These Student Debt Collectors Were Just Fired by the Federal Govt.

March 9th 2015

Alex Mierjeski

February was a big month for student debtors and the companies that collect from them.

After stating that debt-collection companies were misrepresenting their services to student-loan borrowers late last month, the U.S. Education Department announced that it would “wind down” contracts with five debt-collection companies and transfer responsibilities to other contractors.

“Federal Student Aid borrowers are entitled to accurate information as they make critical choices to manage their debt,” Undersecretary Ted Mitchell said in a statement. “Every company that works for the Department must keep consumers’ best interests at the heart of their business practices by giving borrowers clear and accurate guidance. It is our responsibility – and our commitment – to uphold the highest standards of service for America’s student borrowers and consumers.”

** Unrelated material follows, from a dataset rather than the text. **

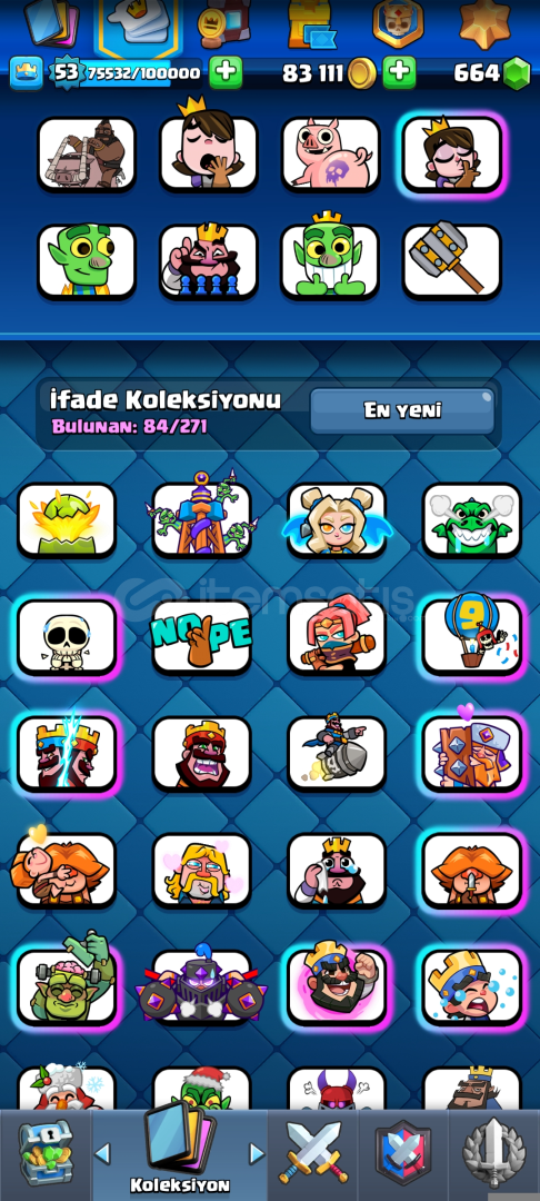 Tüm kartlar açık 85 emoji var 150yi geçkin flama ve arka plan var Tüm kartlar en az 11 seviye evo kart 6-7 tane var kral ...

The companies, which included Coast Professional, Enterprise Recovery Systems, National Recoveries, Pioneer Credit Recovery, and West Asset Management, “gave borrowers misleading information about the benefits to the borrowers’ credit report and about the waiver of certain collection fees,” according to a press release.

The federal student debt collection industry is an incredibly lucrative one—something critics and reform advocates are quick to call up. According to Bloomberg, Pioneer Credit Recovery’s parent Navient made a total of $65 million in revenue last year collecting for the Education Department. In 2012, the 22 collection companies the government used collected around $1 billion annually in commissions. Companies have faced criticism for strict collection policies “even when borrowers’ incomes make them eligible for leniency,” Bloomberg reported.

In the wake of the announcement, the government said it would enhance its monitoring of the 17 remaining private companies it contracts with and would also closely monitor students who were misled about the government’s loan rehabilitation program under the five offending companies.

Are loans profitable for the government?

The Department’s announcement coincided with another controversy regarding student loans in the form of a letter to Department of Education Secretary Arne Duncan from six senators, including Massachusetts Sen. Elizabeth Warren. The letter, signed by all Democrats, urged the government to offer relief to struggling debtors.

The letter noted that President Obama’s recent budget for the Department of Education projected that the department would make “several billion less in profits from federal student loans than it had previously estimated,” which is a step in the right direction, according to the Senators. But the Congressional Budget Office (CBO), they wrote, still estimates that the government will generate $110 billion in student loan profits over the next decade.

Federal revenue expectations vis-à-vis student debts were at the crux of the Senator’s letter—something they say the government needs to rethink: should the government stand to profit as much as it does? Is it right to be collecting off of the backs of students struggling to make payments on time through programs designed to lighten the load in the first place? Warren, for one, has called profit margin “obscene,” pushing for lowered interest rates. But critics point out that this view would equate the government’s collections with a private firms’—a stance inherently misguided since loans are given out at below-market interest rates, and lack many of the stipulations a normal loan might otherwise carry: credit history, a money down payment, or a repossess-able asset if the debtor defaults. Still others are skeptical of the consistently high federal profit estimations advocates like Warren often cite, calling into question the CBO equation used to asses government profits and losses they say favors liberal risk standards.  

The debate, regardless of its partisan nature at this point, is a necessarily difficult one to win: on one hand, close to half of Millennials are saddled with crippling student debt, with the rate of defaults on the rise. On the other, relaxed interest rates on those loans could spell trouble for the overall federal deficit and disproportionately burden taxpayers. This has led some to wonder—and very rightly so: could this conundrum be rooted deeper in the necessity of these loans in the first place?